When this blog was in its infancy, the tag line was “empowering mothers, inspiring minxes”. We were shiny-eyed with enthusiasm and the idea that we could touch other women’s lives in a positive way. The promise of doing something purposeful and visible. Something to fill an empty space while our careers where on maternity leave.

Then I started to notice something. How often a new writer would introduce themselves and their blog with the words “I can’t wait to inspire/empower/teach you how to make your life better”. Words that reflected the ones we had used.

inspiration. don't force it.

Words I found grating. They rankled and bristled and left a bitter taste. They did not compel me to explore that writers work. They left me asking questions – Why does this person presume my life is not complete without them? Why have they assumed they will inspire me? What’s wrong with how I am right now? 

Please don’t misunderstand. I want to be inspired. I want to feel. To laugh, to cry, to explore, to be challenged, to learn. I want to see my own experience mirrored in another person’s words. I want to read an eloquent summary of random things that have been swimming around in my own head. I want to read about lives that are completely distant to my own. I want to be amused by a collection of anecdotes. I want to read things that make me stop and think and examine my own life and beliefs. I want doors and windows flung open through the power of words.

It’s why I read.
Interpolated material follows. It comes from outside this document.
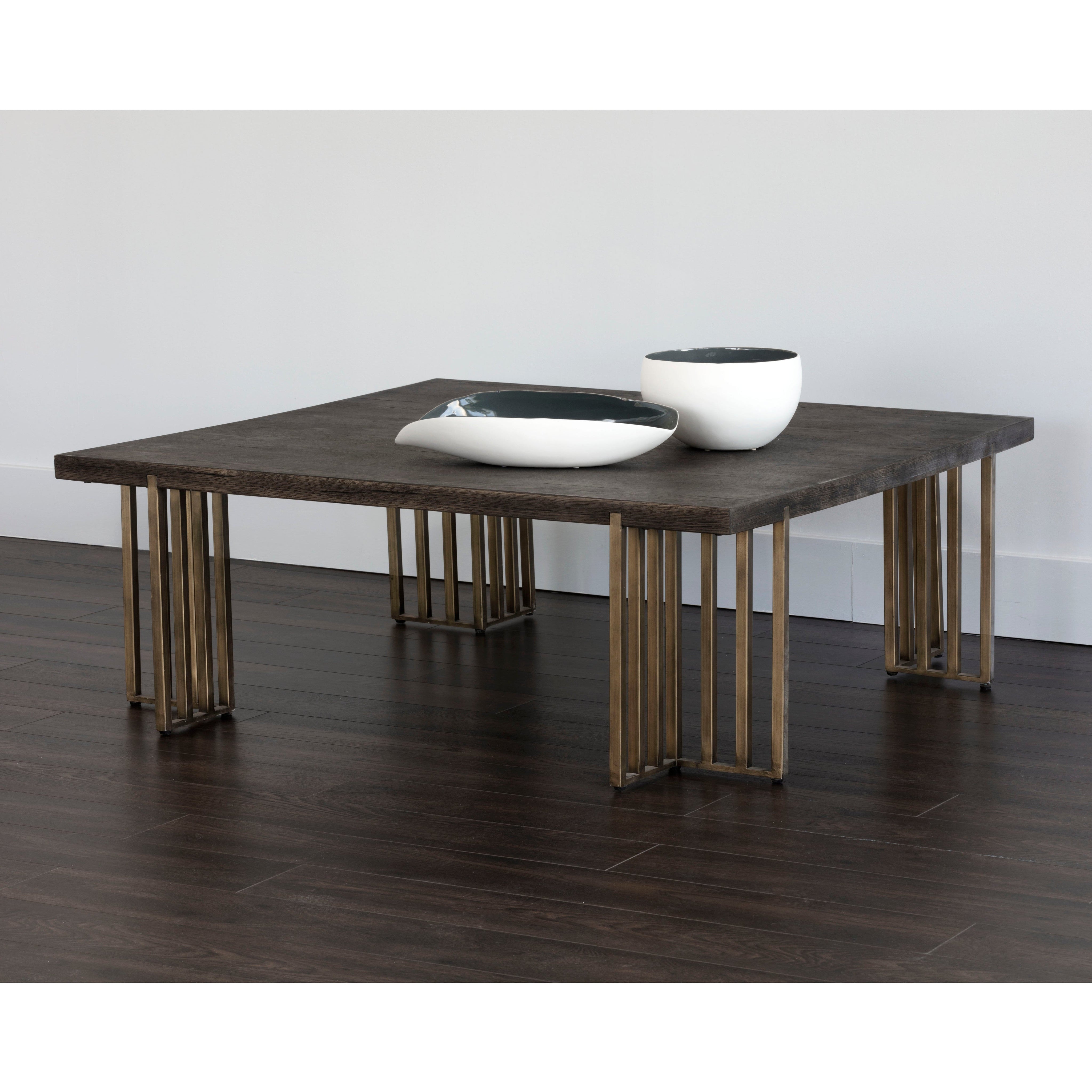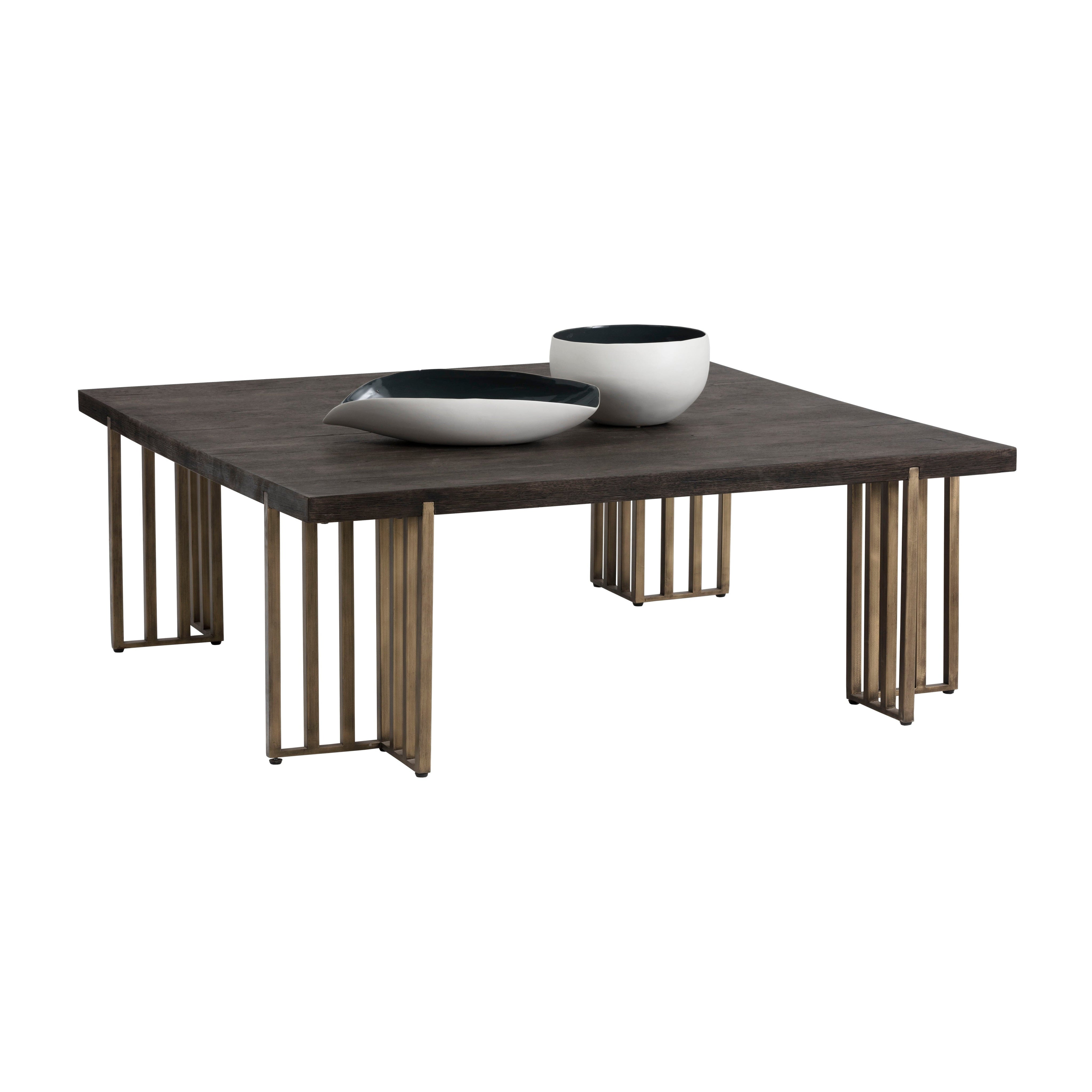 This square coffee table will bring warmth and style to various living and lounge spaces. The distressed oak wood veneer top is complemented with architectural antique brass iron legs for added appeal. Cracks and deep lines in finish are part of the distressed look. Suitable for residential and contract environments.

I imagine it’s why most people read.

But I don’t want inspiration foisted upon me. I don’t want to be told “you will be inspired”. That’s for me to decide. There is a world of difference between a heartfelt piece of writing that opens my eyes to someone else’s experience and lists of lofty advice I should take to make my life better.

I took what I experienced as a reader and applied it to myself as a writer. I changed the tag line. Tried to make it reflect what I was about, rather than what I presumed I could offer others.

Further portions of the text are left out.